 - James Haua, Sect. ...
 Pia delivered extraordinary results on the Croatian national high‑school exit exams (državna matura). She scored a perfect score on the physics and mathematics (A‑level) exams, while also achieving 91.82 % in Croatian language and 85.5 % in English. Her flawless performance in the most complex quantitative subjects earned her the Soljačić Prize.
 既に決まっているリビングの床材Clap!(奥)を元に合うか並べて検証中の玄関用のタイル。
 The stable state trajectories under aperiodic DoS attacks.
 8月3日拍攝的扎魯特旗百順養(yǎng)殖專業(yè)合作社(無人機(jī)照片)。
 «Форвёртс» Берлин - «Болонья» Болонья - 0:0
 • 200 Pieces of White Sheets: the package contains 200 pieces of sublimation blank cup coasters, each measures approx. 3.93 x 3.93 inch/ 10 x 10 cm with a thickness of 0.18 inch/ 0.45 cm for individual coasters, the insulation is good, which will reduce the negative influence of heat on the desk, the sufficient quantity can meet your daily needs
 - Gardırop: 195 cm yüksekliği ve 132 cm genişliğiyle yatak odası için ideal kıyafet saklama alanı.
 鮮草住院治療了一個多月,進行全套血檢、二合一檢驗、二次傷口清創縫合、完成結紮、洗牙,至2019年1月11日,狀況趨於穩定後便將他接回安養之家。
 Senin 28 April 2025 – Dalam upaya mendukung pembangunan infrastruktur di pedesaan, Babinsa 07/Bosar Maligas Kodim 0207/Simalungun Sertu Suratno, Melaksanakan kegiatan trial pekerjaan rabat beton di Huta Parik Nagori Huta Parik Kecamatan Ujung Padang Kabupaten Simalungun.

============

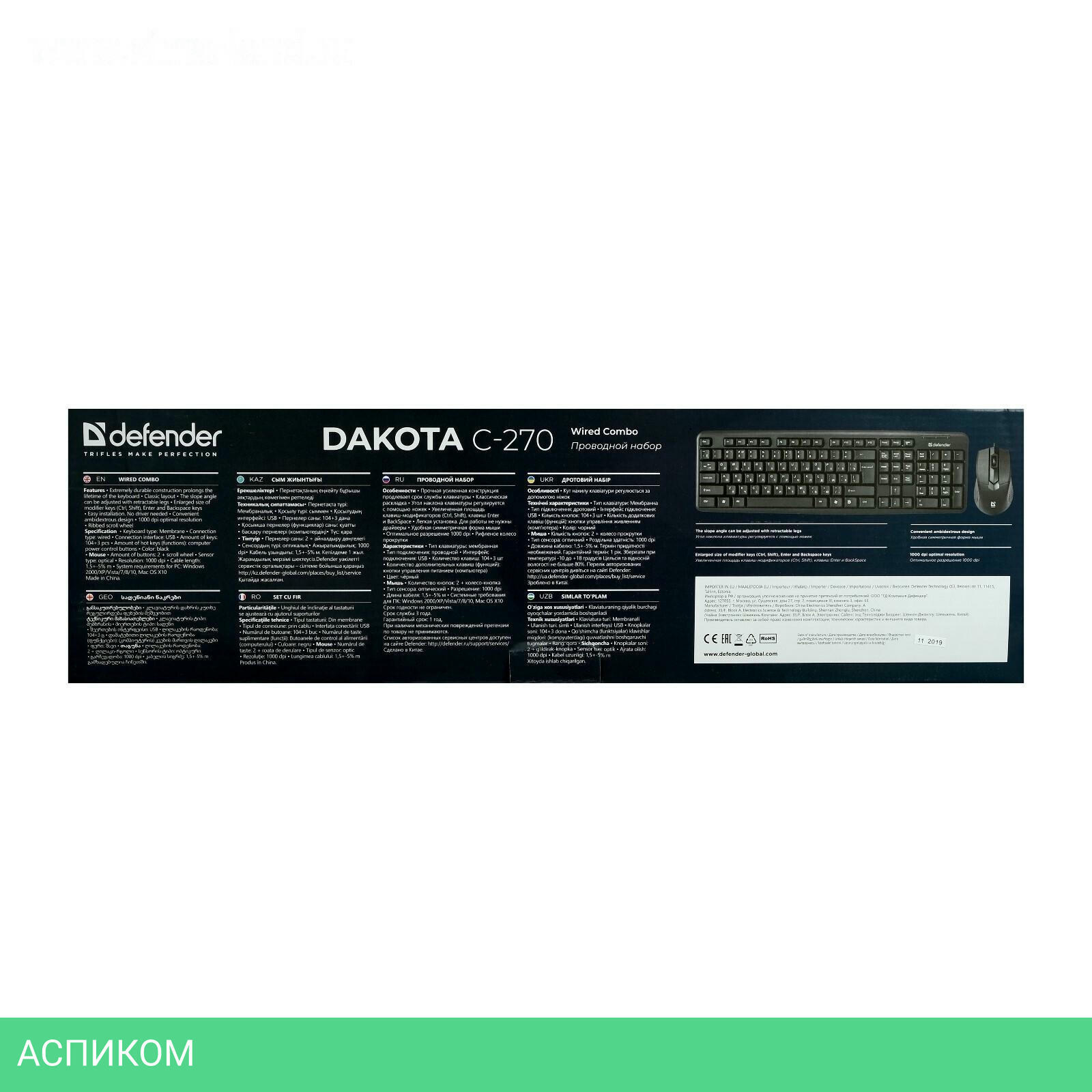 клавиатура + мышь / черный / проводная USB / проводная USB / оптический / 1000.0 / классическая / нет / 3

============

WORK REQUEST »
Could you repeat exactly the lines above from the line with "Болонья - 0:0" up to and including the line with "Senin 28 April", and only those?

ANSWER FOR THIS EXERCISE »
 «Форвёртс» Берлин - «Болонья» Болонья - 0:0
 • 200 Pieces of White Sheets: the package contains 200 pieces of sublimation blank cup coasters, each measures approx. 3.93 x 3.93 inch/ 10 x 10 cm with a thickness of 0.18 inch/ 0.45 cm for individual coasters, the insulation is good, which will reduce the negative influence of heat on the desk, the sufficient quantity can meet your daily needs
 - Gardırop: 195 cm yüksekliği ve 132 cm genişliğiyle yatak odası için ideal kıyafet saklama alanı.
 鮮草住院治療了一個多月,進行全套血檢、二合一檢驗、二次傷口清創縫合、完成結紮、洗牙,至2019年1月11日,狀況趨於穩定後便將他接回安養之家。
 Senin 28 April 2025 – Dalam upaya mendukung pembangunan infrastruktur di pedesaan, Babinsa 07/Bosar Maligas Kodim 0207/Simalungun Sertu Suratno, Melaksanakan kegiatan trial pekerjaan rabat beton di Huta Parik Nagori Huta Parik Kecamatan Ujung Padang Kabupaten Simalungun.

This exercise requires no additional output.